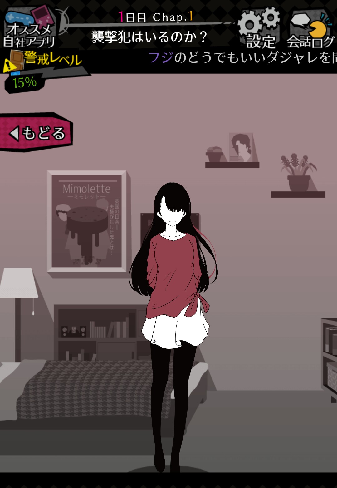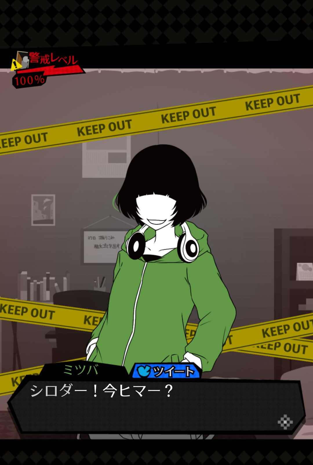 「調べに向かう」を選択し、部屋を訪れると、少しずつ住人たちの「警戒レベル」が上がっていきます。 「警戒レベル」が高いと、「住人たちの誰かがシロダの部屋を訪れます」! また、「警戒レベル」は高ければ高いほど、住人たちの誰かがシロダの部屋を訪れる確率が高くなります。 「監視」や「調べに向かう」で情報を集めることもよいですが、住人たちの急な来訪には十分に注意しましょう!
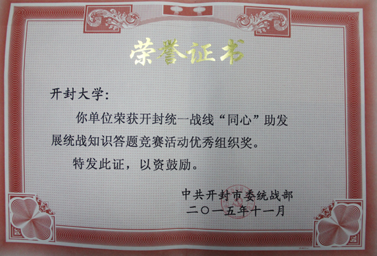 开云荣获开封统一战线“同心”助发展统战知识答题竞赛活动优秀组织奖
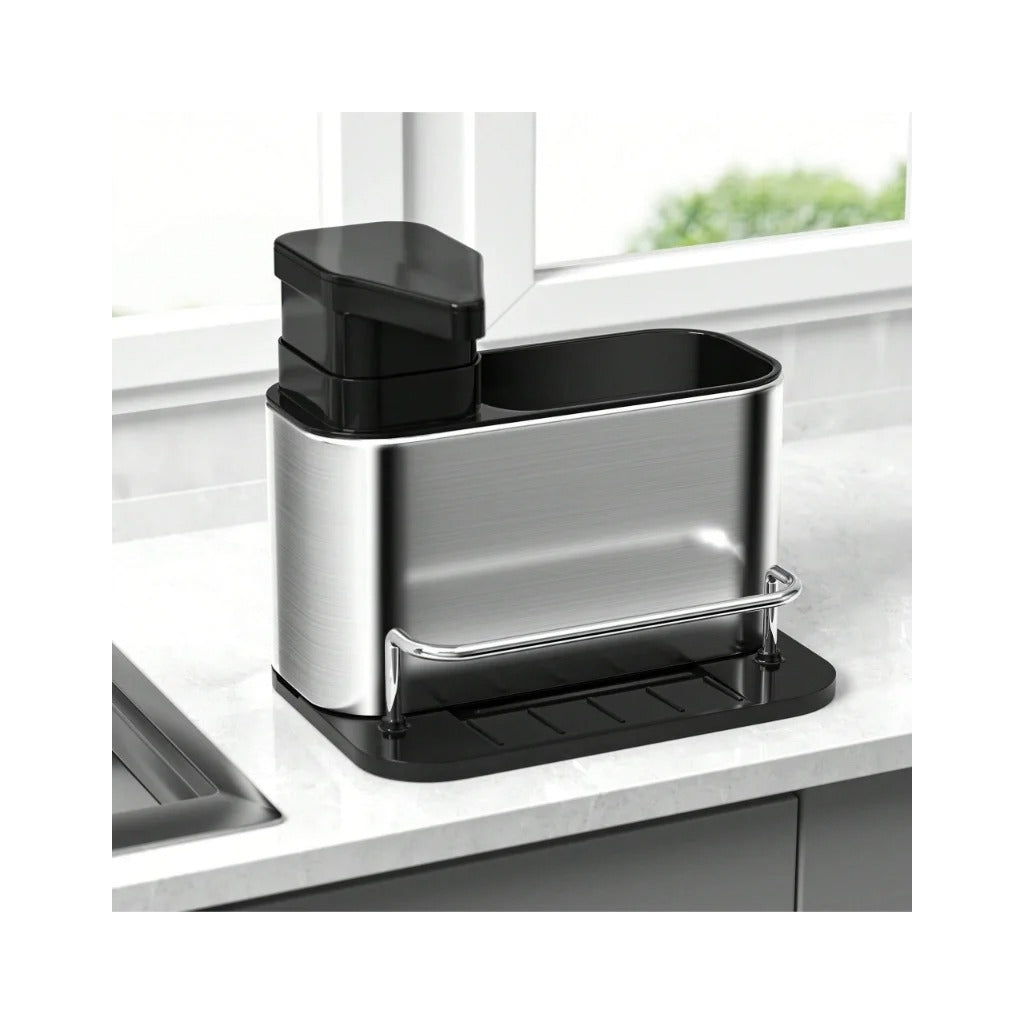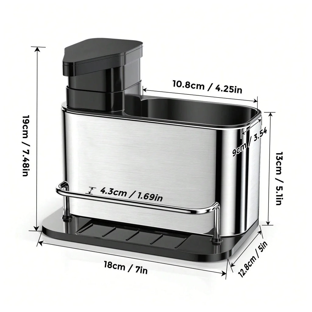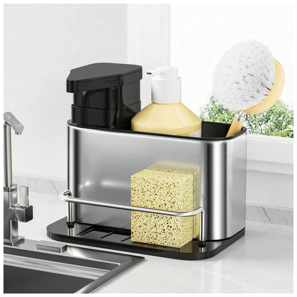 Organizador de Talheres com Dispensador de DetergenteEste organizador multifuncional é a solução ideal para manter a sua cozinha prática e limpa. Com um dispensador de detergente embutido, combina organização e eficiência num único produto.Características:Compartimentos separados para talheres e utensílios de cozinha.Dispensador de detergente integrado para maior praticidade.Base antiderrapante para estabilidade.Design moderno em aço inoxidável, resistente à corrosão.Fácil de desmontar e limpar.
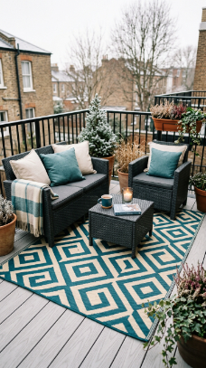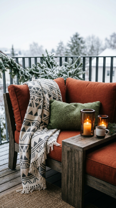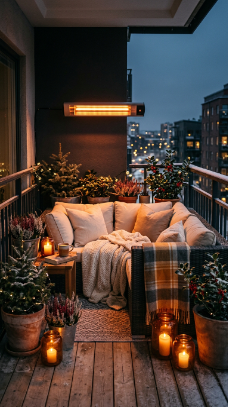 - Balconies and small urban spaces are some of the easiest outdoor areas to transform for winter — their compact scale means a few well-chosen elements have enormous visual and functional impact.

★ ★ ★ ★ ★ ★ ★

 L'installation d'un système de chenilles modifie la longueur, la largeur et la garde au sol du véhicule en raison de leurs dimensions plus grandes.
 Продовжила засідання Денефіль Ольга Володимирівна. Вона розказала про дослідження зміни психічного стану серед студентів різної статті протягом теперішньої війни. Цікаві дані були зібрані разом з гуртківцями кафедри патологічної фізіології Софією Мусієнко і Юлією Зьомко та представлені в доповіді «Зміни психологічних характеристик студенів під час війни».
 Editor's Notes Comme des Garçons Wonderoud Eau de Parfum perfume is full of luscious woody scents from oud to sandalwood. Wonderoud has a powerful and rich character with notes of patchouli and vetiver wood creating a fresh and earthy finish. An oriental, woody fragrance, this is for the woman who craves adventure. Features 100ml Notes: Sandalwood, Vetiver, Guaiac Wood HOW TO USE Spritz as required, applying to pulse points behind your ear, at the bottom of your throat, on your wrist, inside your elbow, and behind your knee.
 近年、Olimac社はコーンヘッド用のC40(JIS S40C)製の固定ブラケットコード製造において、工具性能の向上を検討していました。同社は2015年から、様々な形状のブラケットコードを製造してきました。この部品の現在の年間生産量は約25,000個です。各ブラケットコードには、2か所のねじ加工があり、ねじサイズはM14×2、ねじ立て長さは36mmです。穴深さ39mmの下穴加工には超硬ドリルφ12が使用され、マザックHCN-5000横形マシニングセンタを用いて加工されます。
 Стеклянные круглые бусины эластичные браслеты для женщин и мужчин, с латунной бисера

★ ★ ★ ★ ★ ★ ★

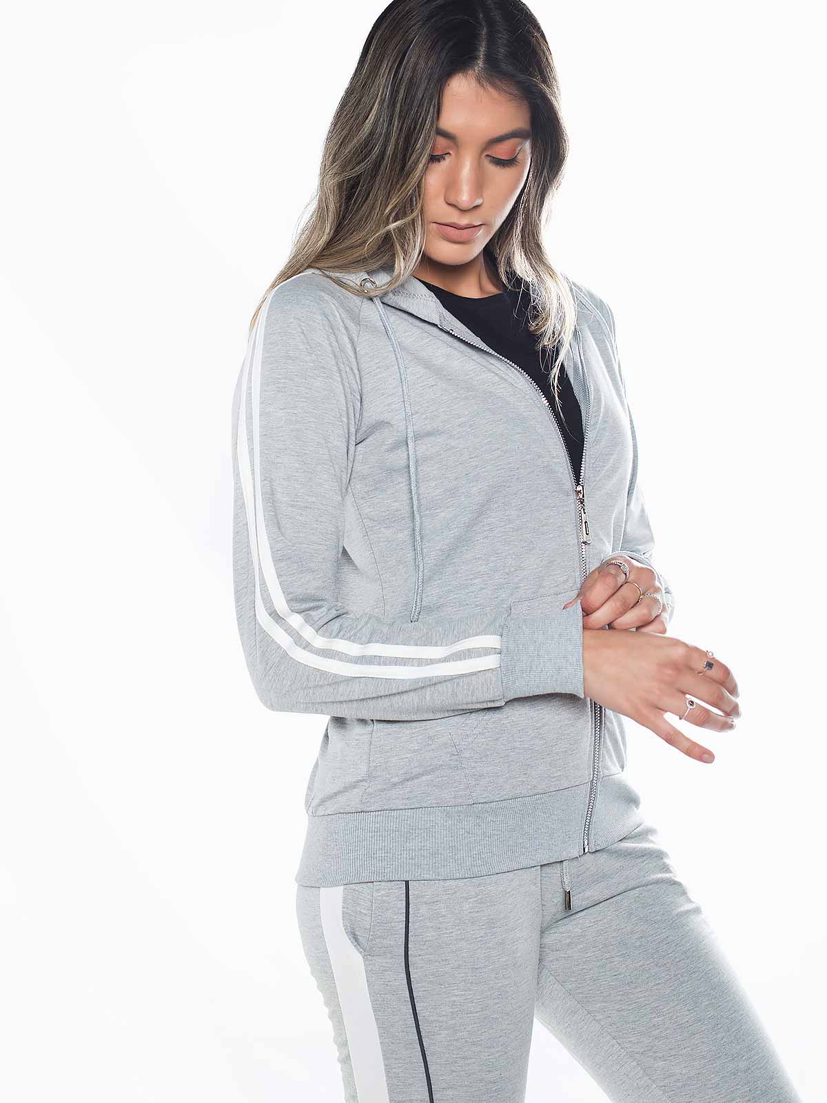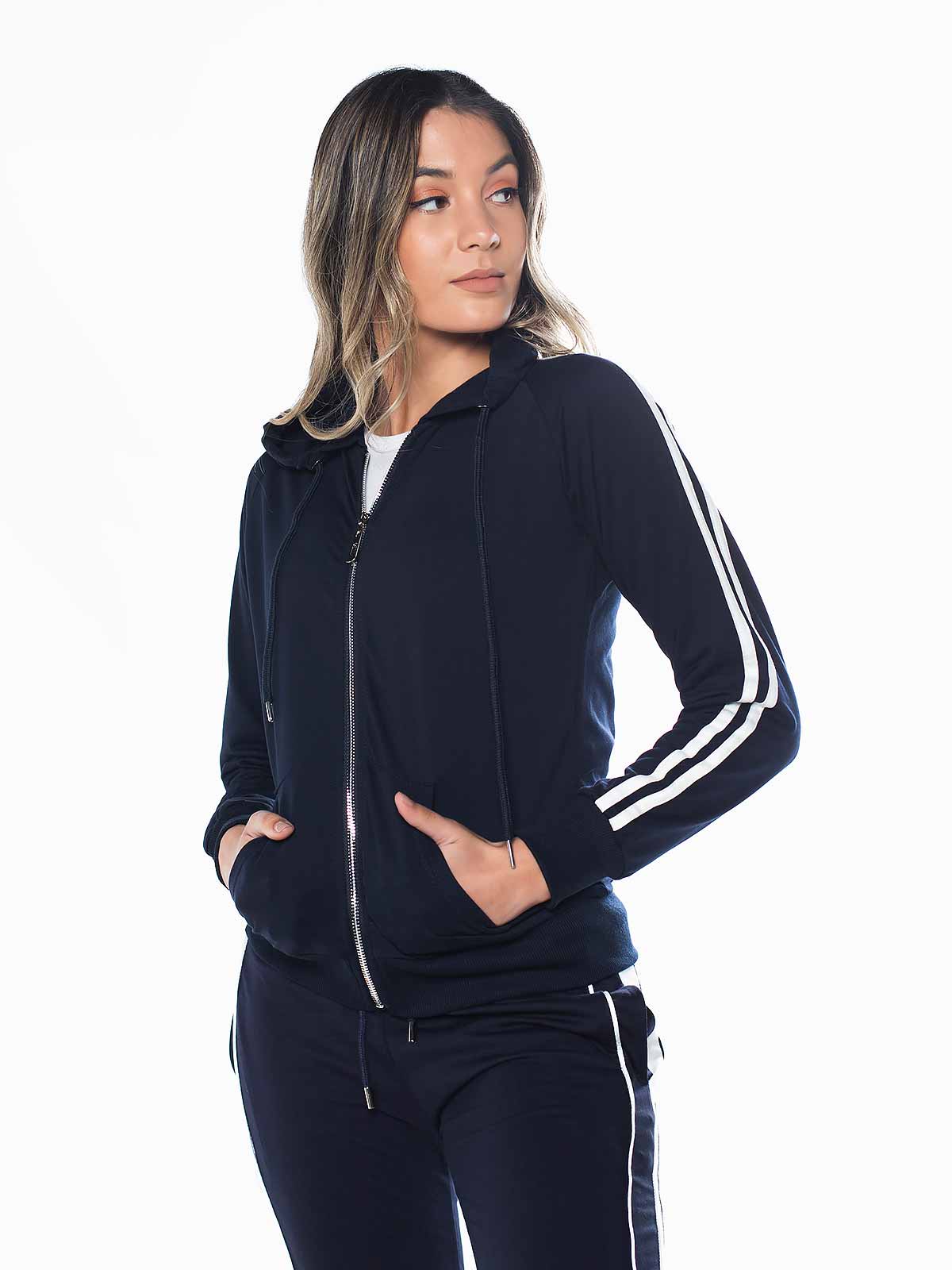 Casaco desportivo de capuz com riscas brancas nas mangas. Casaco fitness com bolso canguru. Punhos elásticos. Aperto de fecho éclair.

★ ★ ★ ★ ★ ★ ★

▶ _Directions_: An exact copy of the lines above between the line holding "Editor's Notes Comme" and the line holding "Стеклянные круглые бусины", inclusive, is the whole answer.

▶ _Response to the task_:
 Editor's Notes Comme des Garçons Wonderoud Eau de Parfum perfume is full of luscious woody scents from oud to sandalwood. Wonderoud has a powerful and rich character with notes of patchouli and vetiver wood creating a fresh and earthy finish. An oriental, woody fragrance, this is for the woman who craves adventure. Features 100ml Notes: Sandalwood, Vetiver, Guaiac Wood HOW TO USE Spritz as required, applying to pulse points behind your ear, at the bottom of your throat, on your wrist, inside your elbow, and behind your knee.
 近年、Olimac社はコーンヘッド用のC40(JIS S40C)製の固定ブラケットコード製造において、工具性能の向上を検討していました。同社は2015年から、様々な形状のブラケットコードを製造してきました。この部品の現在の年間生産量は約25,000個です。各ブラケットコードには、2か所のねじ加工があり、ねじサイズはM14×2、ねじ立て長さは36mmです。穴深さ39mmの下穴加工には超硬ドリルφ12が使用され、マザックHCN-5000横形マシニングセンタを用いて加工されます。
 Стеклянные круглые бусины эластичные браслеты для женщин и мужчин, с латунной бисера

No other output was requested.